Grabado de moda que representa a dos mujeres que viajan en tren con una variedad de equipaje, incluido un baúl. 1880 Museo de Victoria y Alberto. Londres
Grabado de moda que representa a dos mujeres que viajan en tren con una variedad de equipaje, incluido un baúl. 1880. Museo Victoria & Albert. Londres.

          No menos sobrio y uniforme se presenta el guardarropa turístico masculino, dominado en un primer momento por la omnipresente capa acampanada o por el más ligero ferreruelo, y por tanto del capotillo, o sea, de un capote de varios cuellos a imitación del que llevaban cocheros y postillones. Para el resto también el traje masculino debe ser, como decía Goethe, «adecuado para todas las estaciones», y bastante recio para así poder afrontar cualquier aventura del camino e inclemencia atmosférica, «incluidos huracanes». Naturalmente el traje puede variar según los países visitados y las ocasiones específicas, pero, como recuerda William Boyd, médico y autor de un memorándum para viajeros de 1830, el guardarropa turístico forma parte de un sistema más amplio de utensilios, objetos y precauciones.

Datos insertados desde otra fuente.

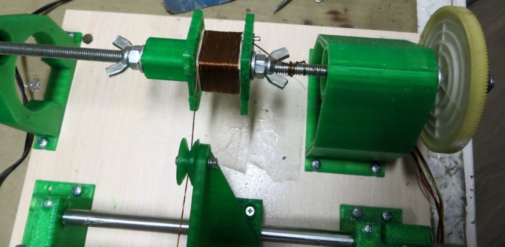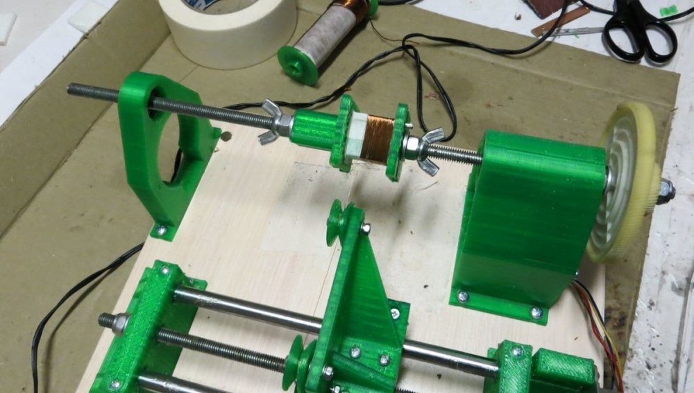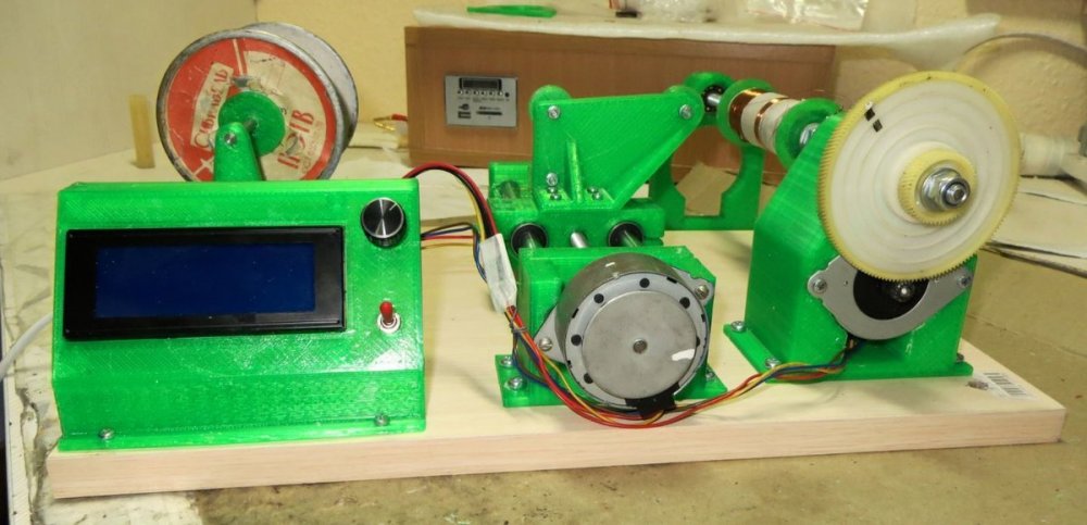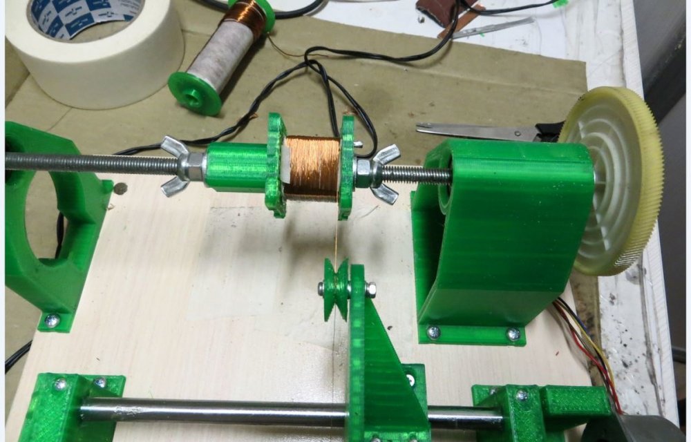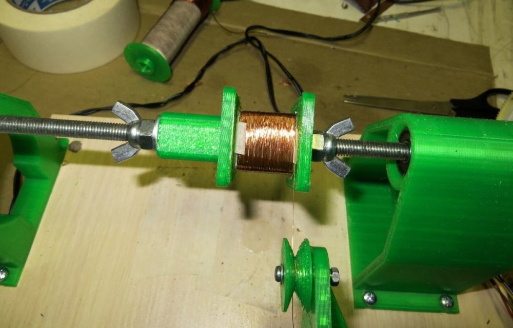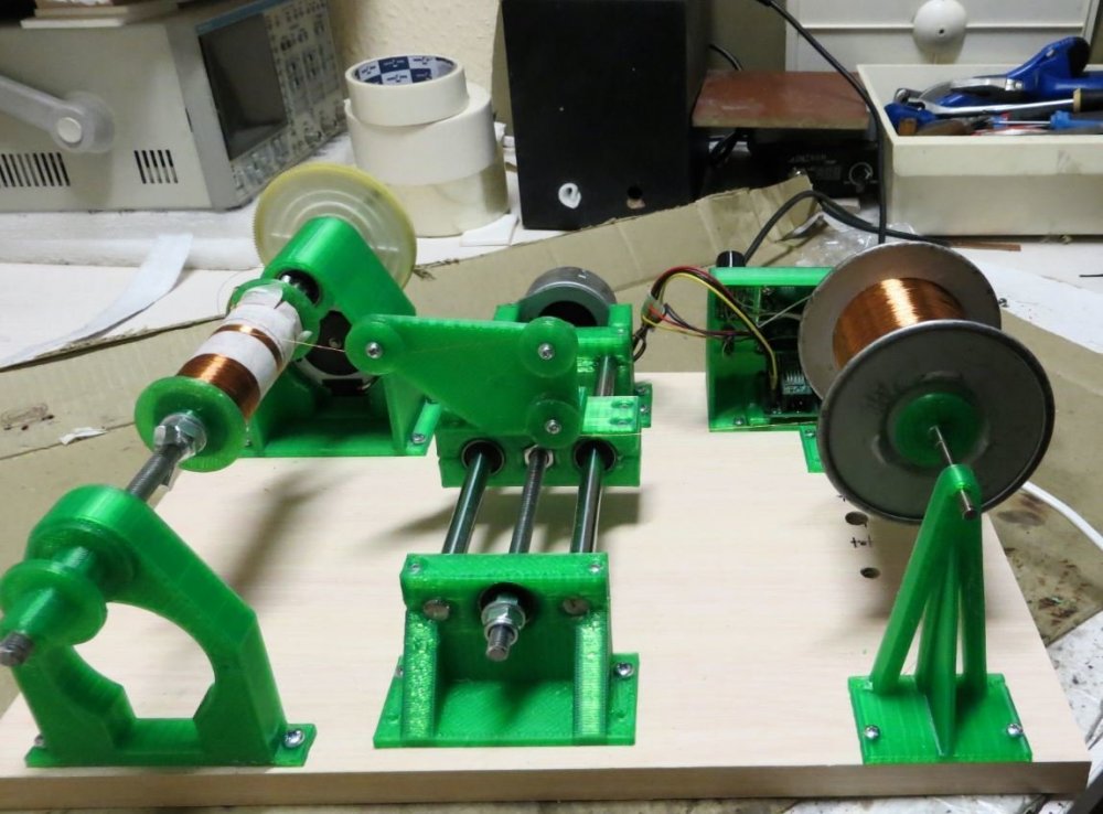 8. Мотает со сбоем 1,2 мм - тока не хватает у источника питания - сбой происходит при включении второго двигателя. Без сбоя мотает 0,8 мм - на фото - размотал старый трансформатор. Провод с остатками пропиточного лака и оловом от подпайки. Пробовал тонкий провод - 0,16 мм - тоже мотает. Все модели для печати, прошивка Namotochniy_stanok.zipUnavailable Если нужны дополнительные подробности можно посмотреть также об этом проекте также на https://3dtoday.ru/blogs/lenivo/stanok-dlya-namotki-transformatorov-detali-napechatany-plastikom-solidfilament-ot-magazina-top-3d-shop Станок сделал так как мне на тестирование бесплатно прислали катушку пластика....... ну вот решил себе такой станок заделать. За основу - схему и прошивку взял из открытого проекта TDM Lab Статья: https://forum.cxem.net/index.php?/profile/218201-tda/content/page/4/&type=forums_topic_post Видео по проекту По этому проекту материалы(модели, схема, прошивка) выложены тут https://cloud.mail.ru/public/YTqk/46a49K5DN

Si en invierno los verdaderos protagonistas de la indumentaria masculina y femenina son las capas acampanadas, los balandranes, las galochas y las botas, el mejor indumento de verano, en los países mediterráneos, es descrito así: «Gorra blanca, chaleco ligero, pantalones claros, jubón de fina tela -excelente es la saya negra-, camisa de franela o de tela de algodón». Por tanto, nuestro médico prosigue diciendo que en el transcurso de la jornada el viajero deberá llevar consigo el sombrero y poner un pañuelo blanco debajo del sombrero para interceptar los rayos del sol.

           Los que viajan desprovistos de sábanas propias, no deberán nunca desnudarse del todo en las casas de postas. Mantendrán puestos pantalones y chaleco, o bien llevarán una amplia camisa procurando aflojar corbatas, bandoleras, tirantes y vendajes de todo tipo”.

Atilio Brilli. Cuando viajar era un arte. La novela del Grand Tour. Editorial Elba. Barcelona. 2021.  pp.148-151.